Beyond the economic consequences, there are major strategic imperatives for the Obama administration to move with speed. As Lee Kwan Yew has argued, the pace of Asian regionalism is quickening. Within the last year, Australian Prime Minister Kevin Rudd has put forward and vigorously pushed for a new proposal on an inclusive Asia Pacific Community that would include the US and India. Conversely, the quirky, erratic new Japanese Prime Minister, Yukio Hatoyama, has espoused a narrower vision of an East Asian Community, implicitly excluding the US (Thayer 2009, Goerge Mulgan 2009, and Rathus 2009).

The future of Asian regionalism is in extreme flux – presenting President Obama with both opportunities and dangers. It is time to move beyond vague promises of “engagement” to results. A serious approach to Trans-Pacific Partnership negotiations would present an opportunity to do so.

References

Asian Development Bank (2009), “FTA Status by Country, 2009”, table 6, Asian Regional Integration Center, June.

Baldwin, Richard (1993), “A Domino Theory of Regionalism”, NBER Working Paper 4465, September.

Barfield, Claude and Philip I Levy (2009a), “Tales of the South Pacific”, AEI International Economic Outlook, December.

Barfield, Claude and Philip I. Levy (2009b), “In Search of an Obama Trade Policy”, AEI International Economic Outlook, August.

Elms, Deborah (2009), “U.S. Trade Policy in Asia: Going for the Trans-Pacific Partnership?”, East Asia Forum, 26 November.

George Mulgan, Aurelia (2009), “Is There a ‘Japanese’ Concept of an East Asian Community?”, East Asia Forum, 6 November.

New Zealand Ministry of Foreign Affairs and Trade, “Trans-Pacific Strategic Economic Partnership Agreement.”

Rathus, Joel (2009), “Squaring the Japanese and Australia Proposals for an East Asian and Asia Pacific Community: Is America In or Out?” East Asia Forum, 4 November.

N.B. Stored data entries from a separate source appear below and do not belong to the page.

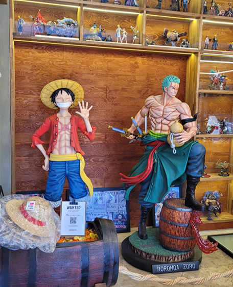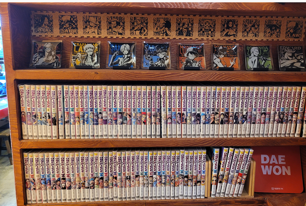 이 곳의 이름에 나왔다시피 이 곳은 단순 감귤따기 체험농장이 아니라 과수원 + 원피스 조합으로 명명되었고 입구의 카페겸 사무실엔 만화 원피스 캐릭터 피규어와 책으로 가득가득 합니다. 제가 어릴 적 좋아하던 드래곤볼 피규어도 더러 보이구요~
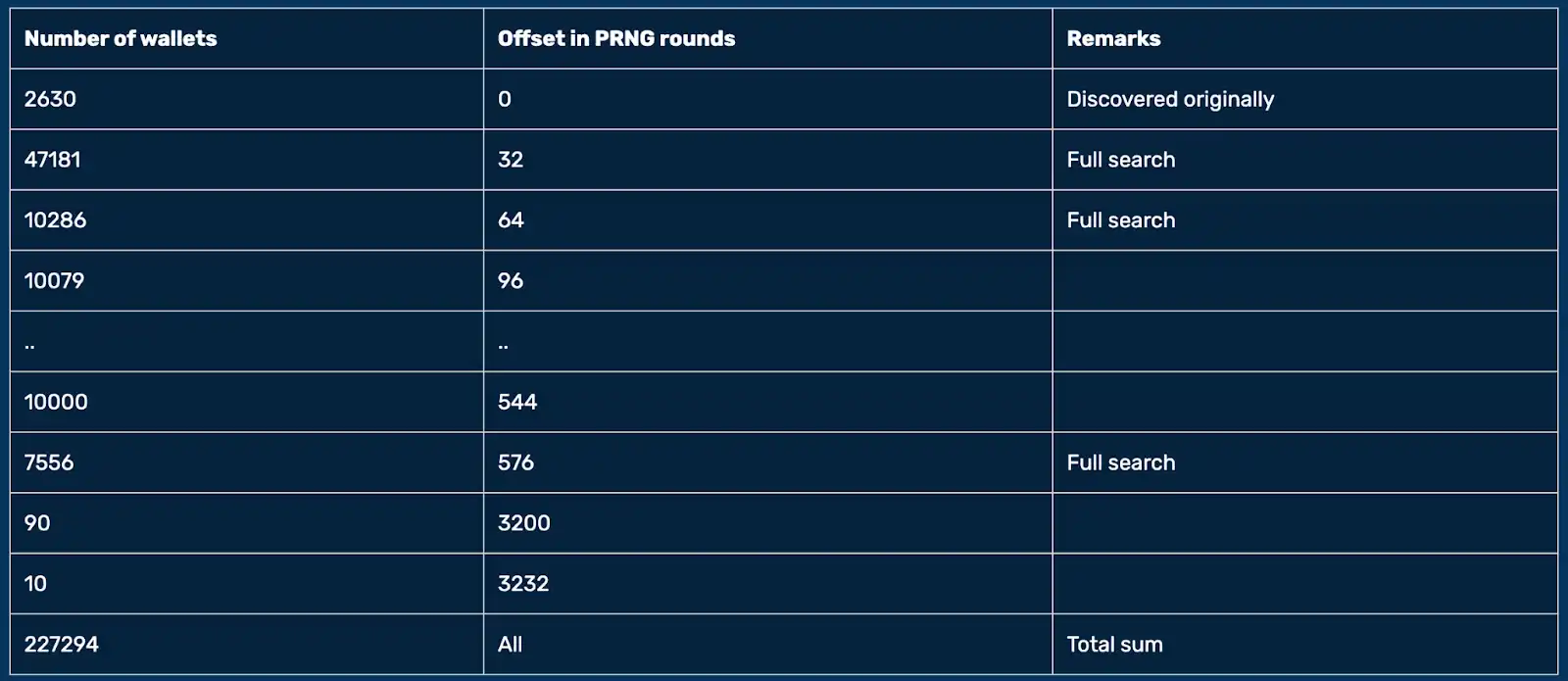 In 2025, with the help of key clues provided by an anonymous white hat researcher, the long-stalled analysis work made breakthroughs. The MilkSad team discovered that the affected software introduced a new parameter—the PRNG offset—when generating private keys, allowing researchers to re-associate previously scattered wallet groups and reveal a unified random number generation pattern behind them. This discovery became key to understanding the causes of the entire "weak wallet" incident [8].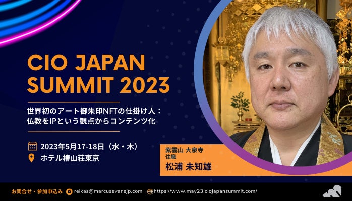 マーカス・エバンズ・イベント・ジャパン・リミテッド(本社:英国 / 日本代表:雪下 大輔、以下「マーカスエバンズ」)が主催するIT部門のビジネスサミット『CIO Japan Summit 2023』に、世界初アート御朱印NFTを仕掛けた紫雲山 大泉寺の松浦 未知雄氏の登壇が決定したことをお知らせします。

Stangarone, Troy (2009), “Korea-EU FTA Represents a Challenge for the United States”, Korea Insight, Korea Economic Institute, Washington, November.

Thayer, Carlyle A (2009), “Kevin Rudd’s Asia-Pacific Community Initiative: Suggestions and Insights for the Future Process of East Asian Regional Cooperation”, International Conference on East Asia and South Pacific in Regional Cooperation, Shanghai, 9-10 September.

USTR (2009), “U.S. Engagement with the Trans-Pacific Partnership: Action to Date”, fact sheet, December.